The global map enables data viewing and extraction protocols to be developed such as the one reported here or others that are being developed (8). Besides genomic and transcriptomic data, metabolomic data can be mapped to the global metabolism map, perhaps with color coding as a quantitative measure. The global map should also be useful to compare the entire metabolism in different organisms or conditions, such as dynamical changes of gene expressions in a time-series microarray experiment, changes of metabolic capabilities seen in metagenomics data under different environmental conditions, and correlations and complementarities of metabolic capabilities in symbiotic relationships.
KEGG Atlas is made available as a component of the KEGG system and can be accessed at http://www.genome.jp/kegg/atlas/.
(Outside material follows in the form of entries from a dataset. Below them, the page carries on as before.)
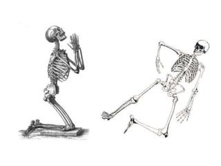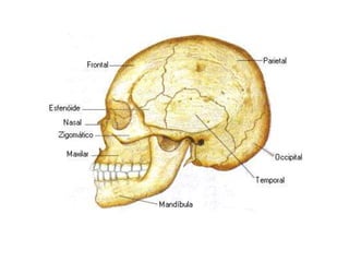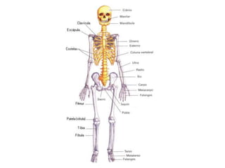 O documento descreve as principais partes do esqueleto humano, incluindo ossos longos, curtos e chatos, e as regiões do corpo como a cabeça, tórax, bacia e extremidades. Também explica os tipos de articulações, como fibrosas, cartilaginosas e sinoviais, e as diferenças entre ossos masculinos e femininos.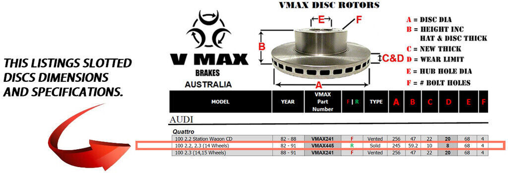 This sale is for a new pair (2 disc rotors) of Genuine VMAX Dimple Drilled & Slotted Performance Rear disc brake rotors and a matching Rear set of brake pads to suit AUDI Quattro 100 2.2 2.3 14 Wheels models built 1982 till 1991 and are a direct replacement item.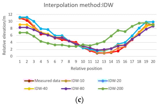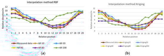 In order to more intuitively observe the impact of the encryption interval on the simulation results, as shown in Figure 11, any section could be randomly selected for observation. By comparing the measured values of 20 sampling points on the section and the calculation results of further interpolation under the different encryption intervals, no matter which interpolation method was used during the later stages, the smaller the encryption interval in the earlier stage was, the closer the final simulation result was to the actual terrain. If RBF, Kriging, or IDW were directly used to interpolate the sampled point data without initial encryption processing, the simulated elevation error value could be up to 5 m or even more.
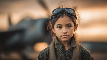 Young aviator in flight gear stands confidently in front of a vintage aircraft at sunset, showcasing dreams of flight and adventure in a picturesque setting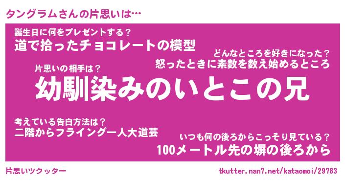 | 女子向けラノベタイトル風あだ名 | 『(仮)タングラムのやんごとなき事情』 |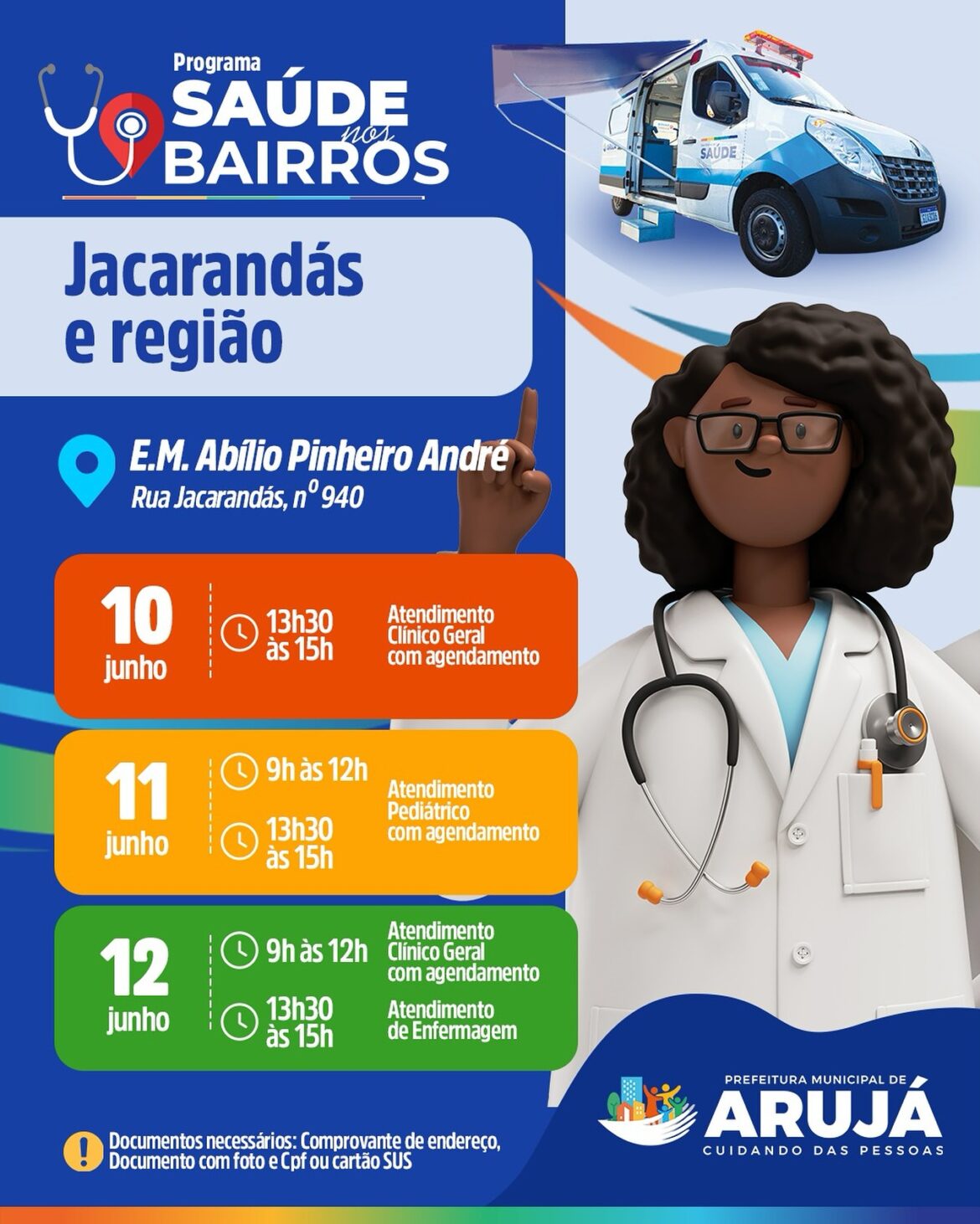 Lembre-se: Para ser atendido, é necessário apresentar comprovante de endereço, Cartão SUS, documento com foto e CPF. Aproveite a oportunidade e cuide da sua saúde!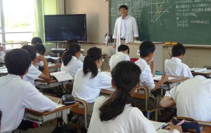 2限の授業の様子です。上から、2年2組 数学、2年3組 英語、国語(分割授業)、1組 です。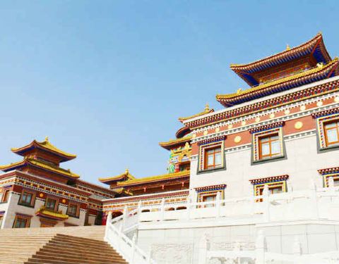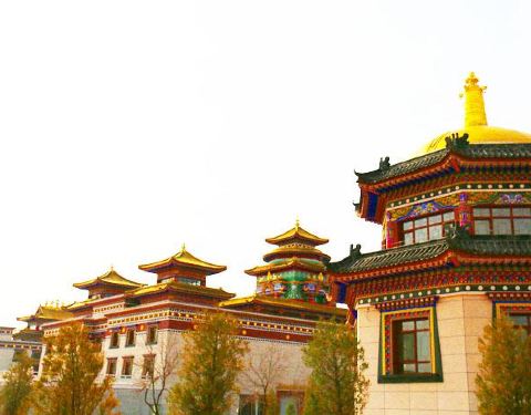 内蒙古鄂尔多斯伊金霍洛旗乌兰活佛府:位于伊金霍洛旗北山植物园内,是十二世乌兰活佛学习、生活、弘法的场所。整体建筑融蒙、藏、汉建筑风格于一体,恢宏大气,神圣庄严。
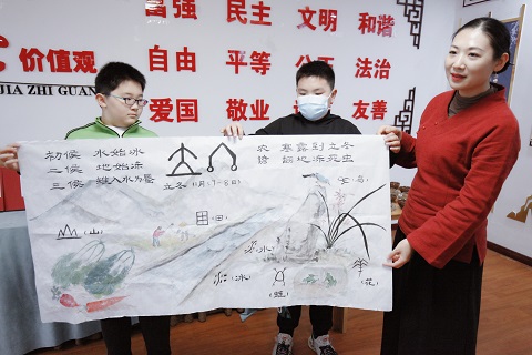 活动中,用明代沦茶法为蓓蕾社区青少年,制作的立冬节气茶,让社区青少年耳目一新。社区青少年伴着立冬节气的诗卷,品尝着节气美食,通过甲骨文字画感受立冬节气,特殊的美。
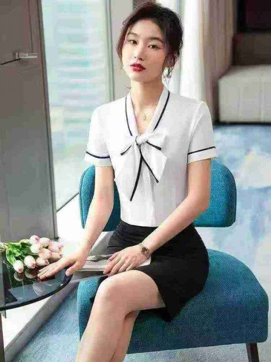 夏季款职业装雪纺衬衫女时尚洋气气质韩版垂感短袖衬衣,独立包装,S一3 xL...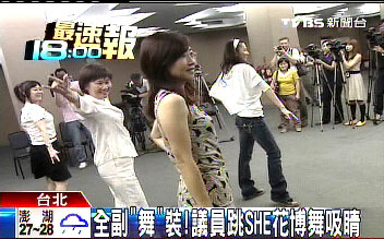 當(dāng)天下午,臺(tái)北市女議員脫下厚重套裝,換上輕便服,綁起馬尾,在臺(tái)北市議會(huì)勤練舞步。她們平日問政很犀利,跳起舞來(lái)也很認(rèn)真。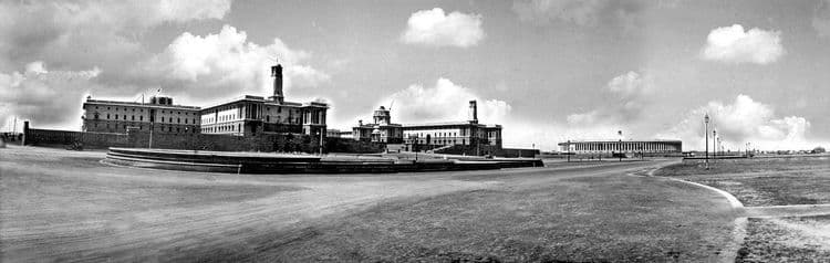 हा पॅनॉरमा फोटो आहे. नॉर्थ ब्लॉक आणि साउथ ब्लॉक सहित उजवीकडच्या कोपऱ्यात संसद भवन तुम्ही बघू शकता. हा परिसर आज एवढा मोकळा राहिलेला नाही.

This work was supported by the Institute for Bioinformatics Research and Development of the Japan Science and Technology Agency, the 21st Century COE program ‘Genome Science’, and a grant-in-aid for scientific research on the priority area ‘Comprehensive Genomics’ from the Ministry of Education, Culture, Sports, Science and Technology of Japan. The computational resource was provided by the Bioinformatics Center, Institute for Chemical Research, Kyoto University. Funding to pay the Open Access publication charges for this article was provided by the grant-in-aid for scientific research.
Conflict of interest statement. None declared.